Quick recap: So far we have

1. Preprocessed the Shakespeare dataset by encoding individual characters into integer tokens.
2. Implemented single headed attention and then further generalized to multiheaded attention. We further combined multiheaded attention with deep learning to create the transformer architecture.
3. Trained our transformer and generated output that looks to be in the style of Shakespeare.

Up to this point, the performance of our simple language model has clearly made a lot of progress. We can see that our model has learned to generate text that is close to the style of Shakespeare, although there are still many quirks and room for improvement.

### Project Outline

Find some area of possible improvement.
We interpret "improvement" quite loosely, but please state precisely why your proposed innovation might improve the model, and provide evidence that it does (or does not!) improve.
For your idea, **formulate a hypothesis** for why this change should result in a better model. **Implement your changes** and **report any findings**.

_Notes_: As this assignment is being treated as a project, you should expect training to take longer than previous assignments. However, please use your judgement to decide what is reasonable. We will not expect you to run training procedures that take more than 2 hours on the free Google Colab computing resources and we certainly do not expect you to acquire additional compute. The proposed improvements should not solely rely on increased computing demands.

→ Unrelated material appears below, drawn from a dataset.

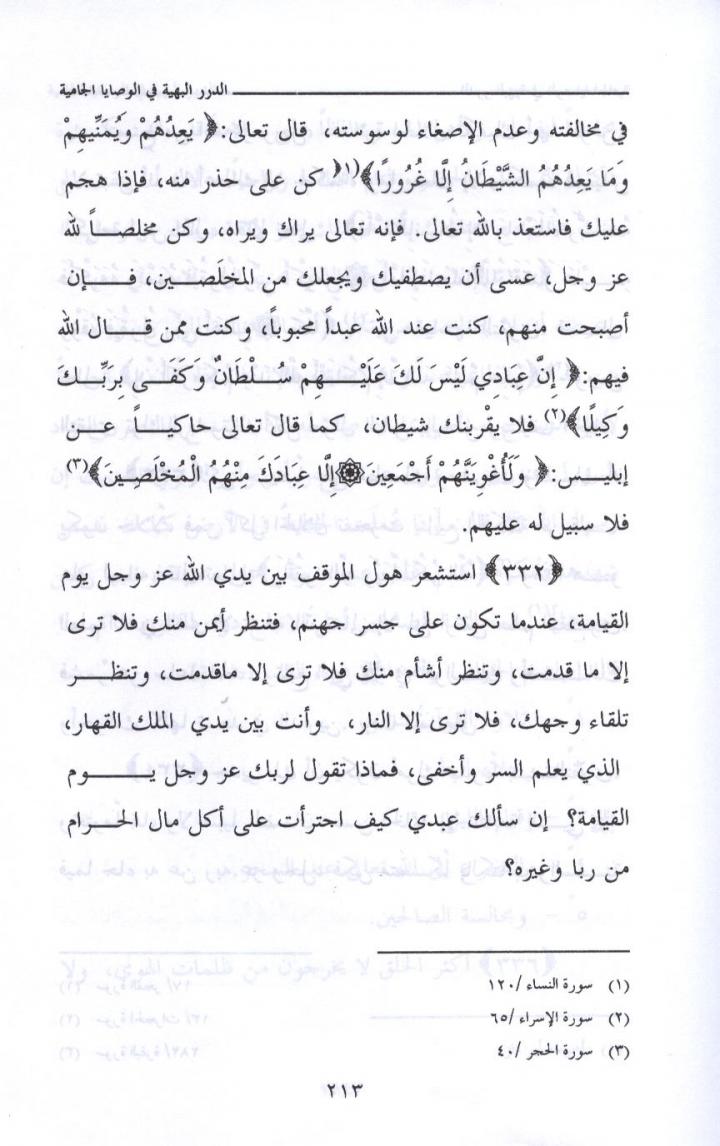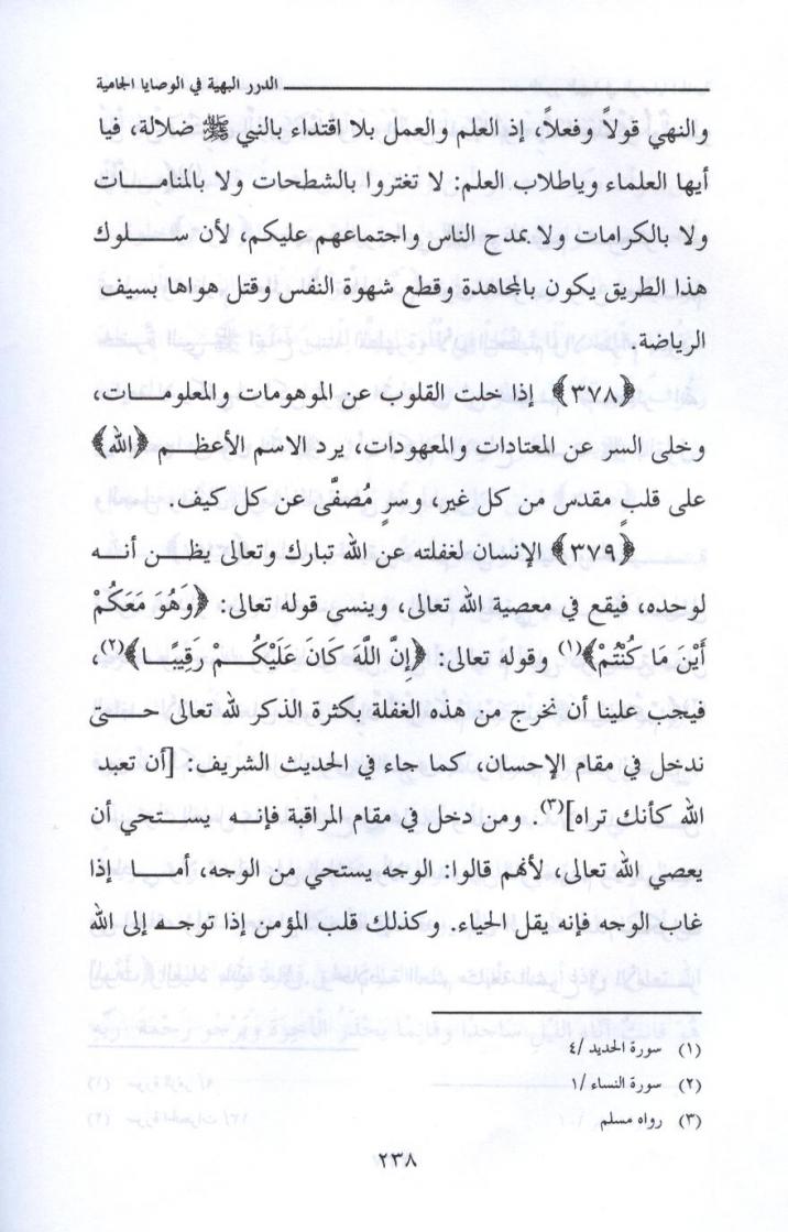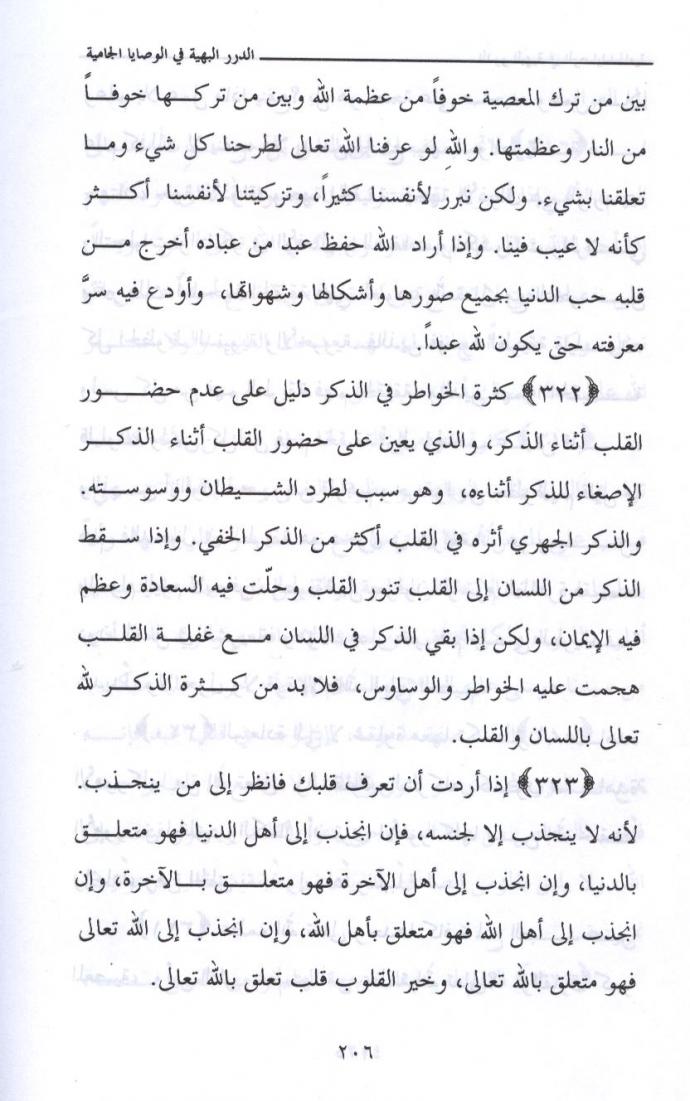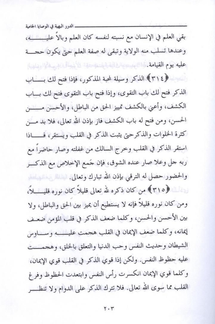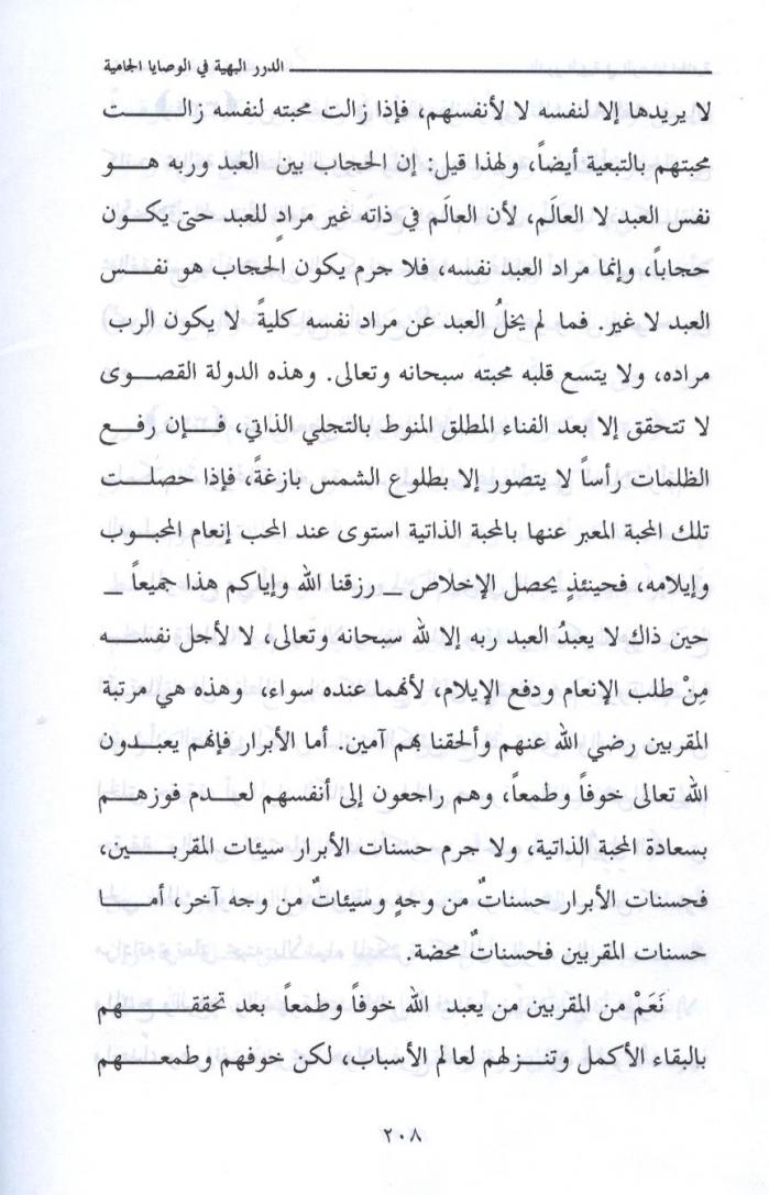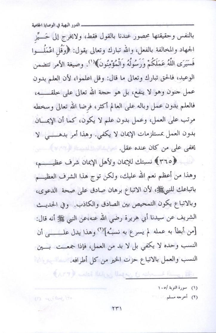 { 300 } لاتخرج بدون قرب من الله جل وعلا وبدون واسطة سيدنا رسول الله صلى الله عليه وسلم ، لأن الخروج بدون قرب ومعية قد يشوش عليك ولا تجمع كما قال ابن عطاء الله السكندري رحمه الله : ( من كانت بدايته محرقة كانت نهايته مشرقة ) . لأن الطرق والأبواب في جسد الإنسان كلها مفتوحة على الدنيا ، كل باب وطريق يقتضي ما كان مناسباً له . ولكن القرب يغلق هذه الأبواب بشرط أن يكون هذا السفر انتهاؤه متعلقاً بابتدائه . تأمل هذا تجده إن شاء الله تعالى . ولا تكن من الناقدين الذين ينقدون بغير فهم ، وانظر إلى نفسك بأنها مقصرة تجد الفتح إن شاء الله تعالى . نرجو الله تعالى أن تكون عبداً متبعاً موافقاً . وصلى الله على سيدنا محمد وعلى آله وصحبه وسلم ، ولا حول ولا قوة إلا بالله العلي

_Hints_: There are many aspects to assessing a model. For example, not only is quality of generated text important, it is also of interest to reduce costs associated with training.

### Deliverables

In addition to a pdf of your python notebook, the submission for this project will be a written report no more than 4 pages in length using the [NeurIPS LaTex template](https://neurips.cc/Conferences/2023/PaperInformation/StyleFiles). Your report should include detailed analysis of the hypotheses you chose to test along with any conclusions.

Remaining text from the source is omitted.